Но случилось так, что первыми людьми,

проходившими утром следующего дня мимо церковного портала,

оказались

упитанный господин в черных лаковых штиблетах с гамашами

и зимнем пальто с меховым воротником

и с сияющей лысиной, не прикрытой, как ни странно,

на лютом морозе никакой шляпой,

и его восемнадцатилетняя дочь —

милое, кроткое, белокурое создание.

они задержались на мгновение перед окоченевшим трупом соловья

нахтигаля,

протягивавшего к ним с улыбкой руки,

наморщили лбы,

и, хотя все соседи без устали рассказывали про них,

как они всегда готовы помочь другим и как жертвуют собой,

они поспешно продолжили свой путь дальше.

Да, мне явно недоставало истинного авторитета. Трудности восстановления хозяйства в послевоенное время, требовавшие от поколения отцов полной отдачи сил, привели к тому, что подрастающие юнцы были предоставлены самим себе.
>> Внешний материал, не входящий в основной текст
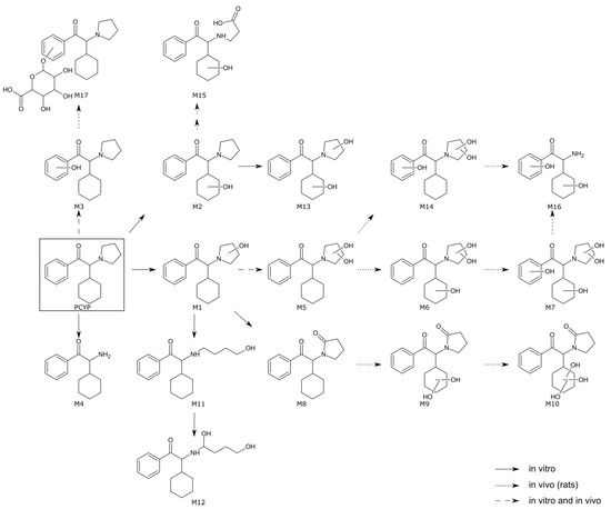 In vitro and in vivo metabolic pathways of PCYP. The parent compound is indicated by a black square, undefined hydroxylation positions are indicated by unspecific bonds. Metabolite identification numbers (M) match with the metabolites listed in Table S5.
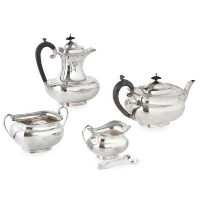 Barnett Henry Abrahams, Sheffield 1928, comprising a teapot, water pot, sugar and cream, rounded form with beaded border, plain scroll handles
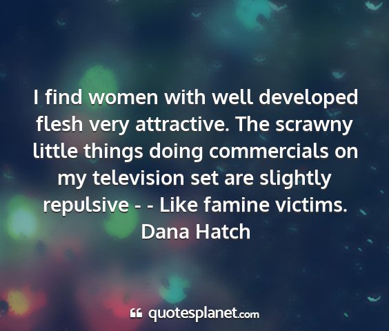 I find women with well developed flesh very attractive. The scrawny little things doing commercials on my television set are slightly repulsive - - Like famine victims.Dana Hatch
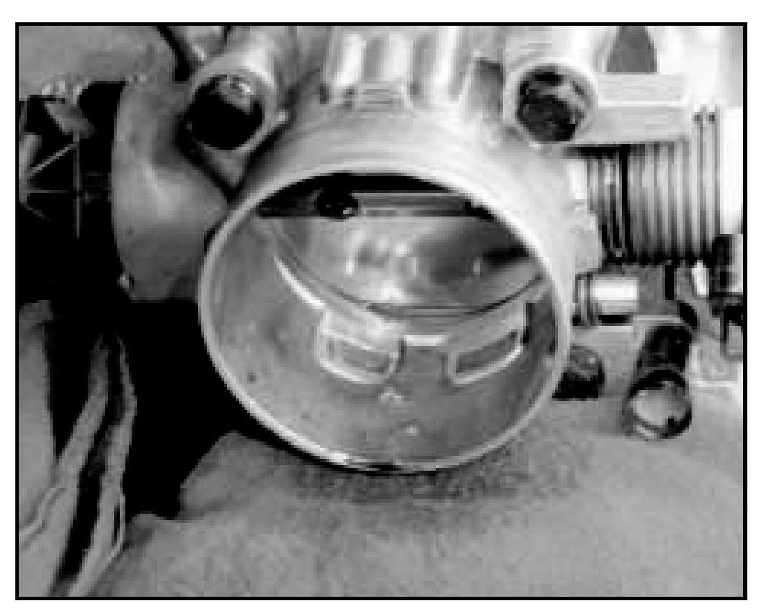 2. Using throttle plate or equivalent cleaner, open the throttle to the Wide-Open-Throttle (WOT) position. Clean out the throttle body bore and throttle plate using a small soft metallic (brass) or stiff bristled brush as necessary.
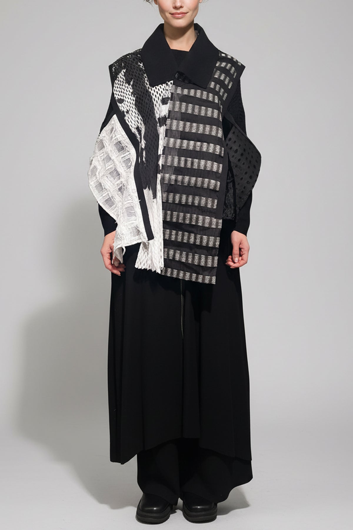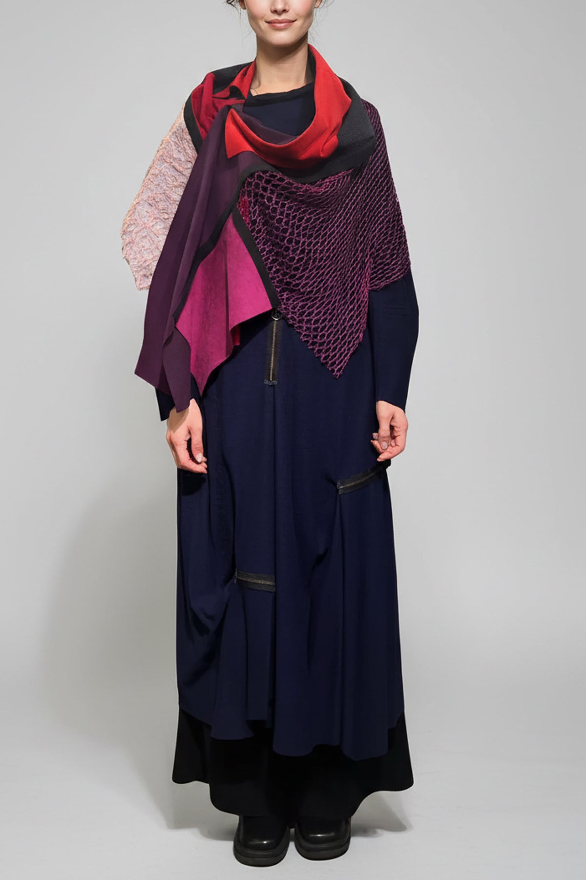 纏えるアクセサリー。衿があり前にスナップがひとつ。首に巻くとストールに、腰に巻くとスカートにも。シンプルな服に1枚羽織るだけで華やかにオシャレになる便利なアイテムです。たたむとA4サイズとコンパクトなので旅行にもオススメです。コートの上に着ることもできます。
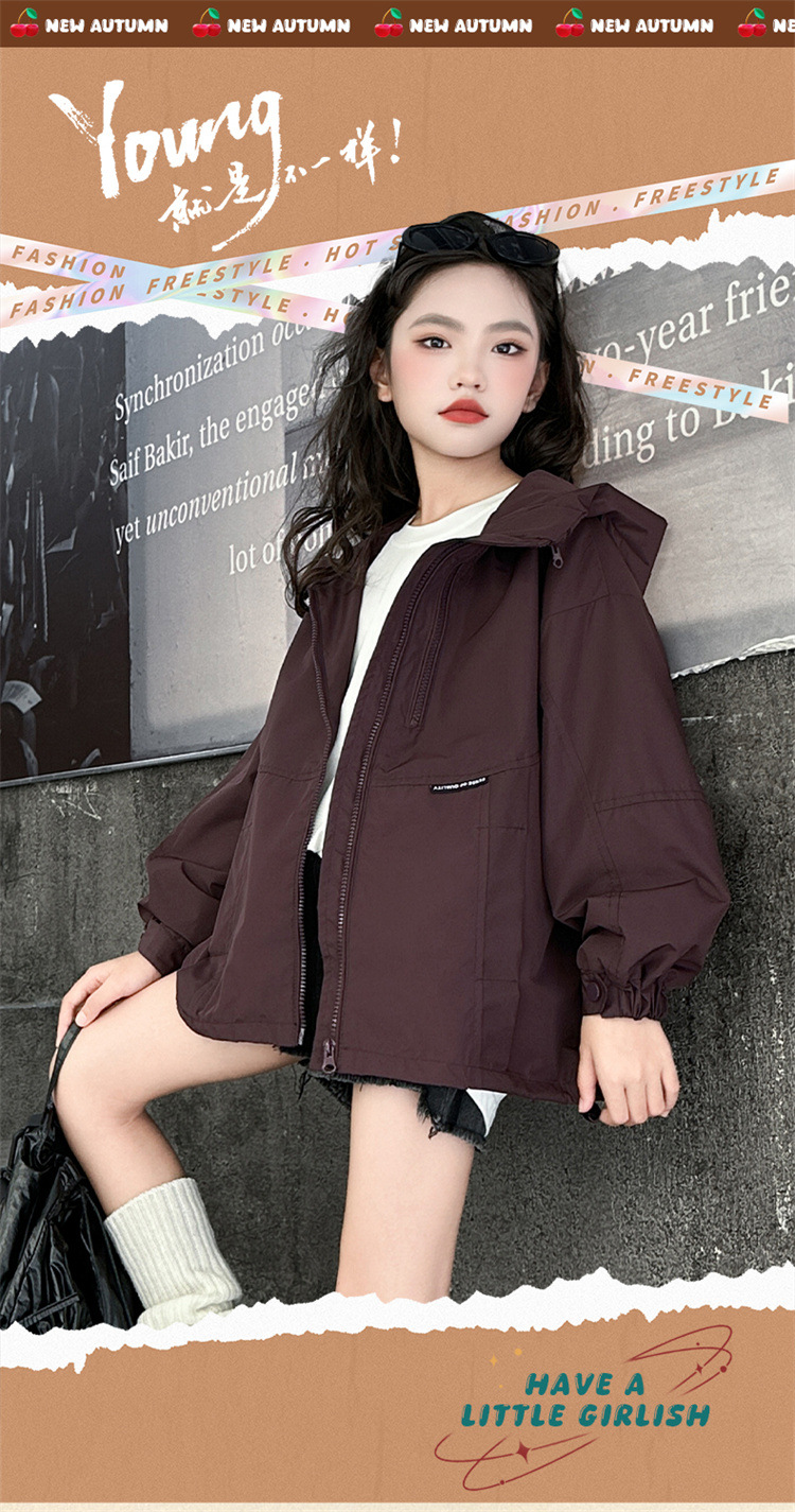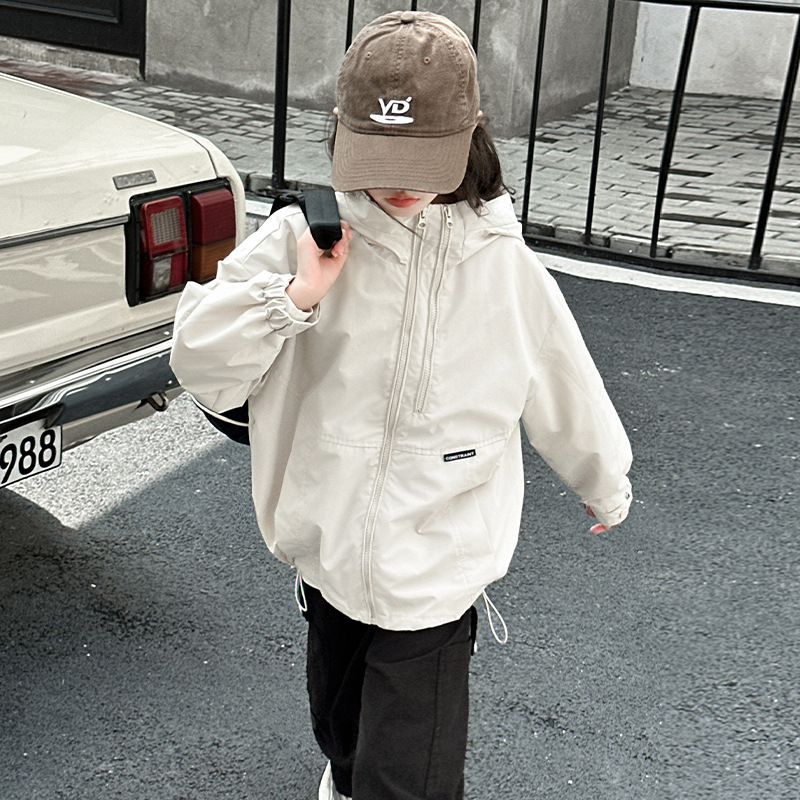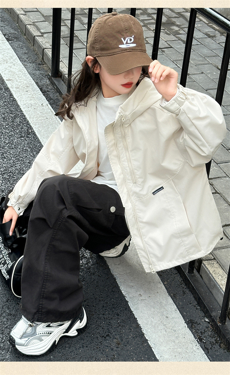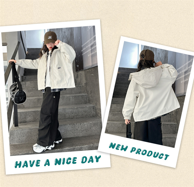 여아용 봄 가을 신상품 중대형 아동용 방풍 아웃도어 등산 재킷 후드형 더블 지퍼 충전식 재킷 트렌디

Мы беспомощно озирались, потеряв ориентиры, а все, что происходило в обществе вокруг нас, внушало нам отвращение.

Первая издательница, встретившаяся мне на моем жизненном пути, была тощей, немного истеричной женщиной — я познакомился с ней за столиком в ресторанчике, завсегдатаями которого были мои родители. У фрау Ирены Зецкорн-Шайфхакен было небольшое издательство, в котором она продуцировала плохо изданную научно-педагогическую литературу, делая это исключительно ради собственного времяпрепровождения, поскольку у ее терпеливого и добродушного мужа была хорошо отлаженная фабрика. Фрау Зецкорн-Шайфхакен жеманно изображала из себя интеллектуальную даму в этом седовласом кругу, и я бы наверняка давно уже позабыл ее, если бы не проявленная чрезмерная доброта ко мне, многообещающему молодому человеку, которого она пригласила на один из своих воскресных литературных утренников на виллу супруга-фабриканта, где скучный профессор педагогики прочел доклад на тему «Авторитет — спасение для незащищенного сознания».

В моей памяти не осталось ничего, кроме самого названия доклада, но именно оно и стало для меня программным. Подлинный авторитет убеждает своими знаниями, достоверностью сказанного и проявлением себя как личности. Своей уверенностью он внушает чувство надежности, создает вокруг себя безопасное пространство посреди царящего хаоса и дезориентации. Мне захотелось стать таким авторитетом, олицетворяющим собой спасение!

Но серые будни этого городка не могли предложить подростку, отягощенному к тому же еще проблемами полового созревания, никаких идеалов для подражания или хотя бы наставить его на путь достижения заветной цели. Пустота и скука были лейтмотивами этой жизни, не авторитеты, а авторитарные требования со стороны семьи, учителей, взрослых давили на неокрепшее сознание подростков. И я, во всяком случае, реагировал на это самым неподходящим образом — замыкался, грубил и убегал из дома.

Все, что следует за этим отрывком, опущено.